Darfur kids 'sold as soldiers'
2008-06-07 17:49
London - Refugees from the Darfur conflict as young as nine years old are being sold to armed rebel groups as child soldiers, campaigners Waging Peace said on Saturday.
Children who fled the conflict in western Sudan are being kidnapped in refugee camps in neighbouring Chad and then trafficked back as child soldiers, the London-based human rights group said in a report.
Following research on the Darfur-Chad border, Waging Peace said that refugee camp leaders were reporting that children were being "kidnapped in broad daylight and sold to armed groups operating close by".
The children affected were mostly boys age between nine and 15 years old.
"The trafficking has taken place with the tacit approval of the Chadian government who are on site at the camps," the report alleged.
"Escalating violence - highlighted by the recent raid on Khartoum by the rebel group JEM (the Justice and Equality Movement) and the Government of Sudan's bombing campaign - has caused a rapid upsurge in the number of children being forcibly recruited to fight, as warring factions seek to swell their military capacity," said Waging Peace.
The United Nations estimates that between 7 000 and 10 000 child soldiers were recruited in eastern Chad in 2007, though the true figure may be higher.
"There are people in the camps who are responsible, who have links with the (armed) movements," an unnamed camp leader was quoted as saying.
"They sell the children who are 10 years old to join them.
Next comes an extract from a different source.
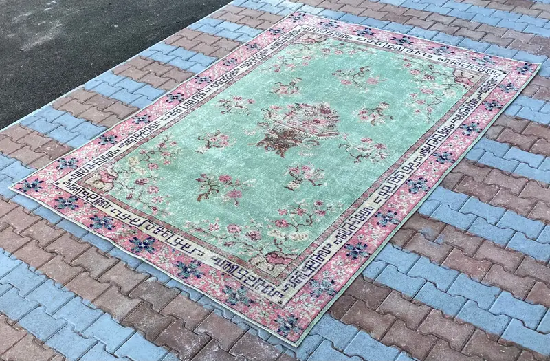 Eleganter grüner Teppich, 6,6 x 9,5 Fuß, florales und geometrisches Design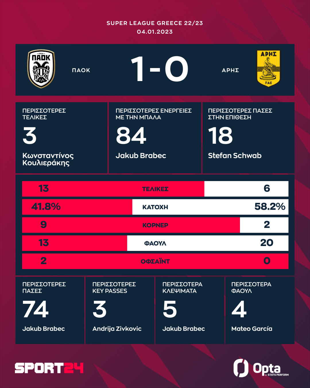 Ο Δικέφαλος ήταν καλύτερος στο πρώτο μέρος και κατάφερε να πάρει “κεφάλι” με ανάποδο ψαλίδι του Ίνγκασον στο 45+2′. Μάλιστα νωρίτερα είχε χάσει πέναλτι, ενώ είχε και δοκάρι. Στο δεύτερο μέρος ο Άρης ανέβασε τον ρυθμό του, πήρε κατοχή, ωστόσο δεν κατόρθωσε να βρει απάντηση στο γκολ του Ισλανδού.

They sell them for money."
The UN says up to 300 000 people have died from the combined effects of war, famine and disease and more than 2.2 million have fled their homes since the Darfur conflict broke out in February 2003.
Sudan says 10 000 have been killed.
The conflict broke out when ethnic minority rebels took up arms against the Arab-dominated regime and state-backed Arab militias, fighting for resources and power in one of the most remote and deprived places on Earth.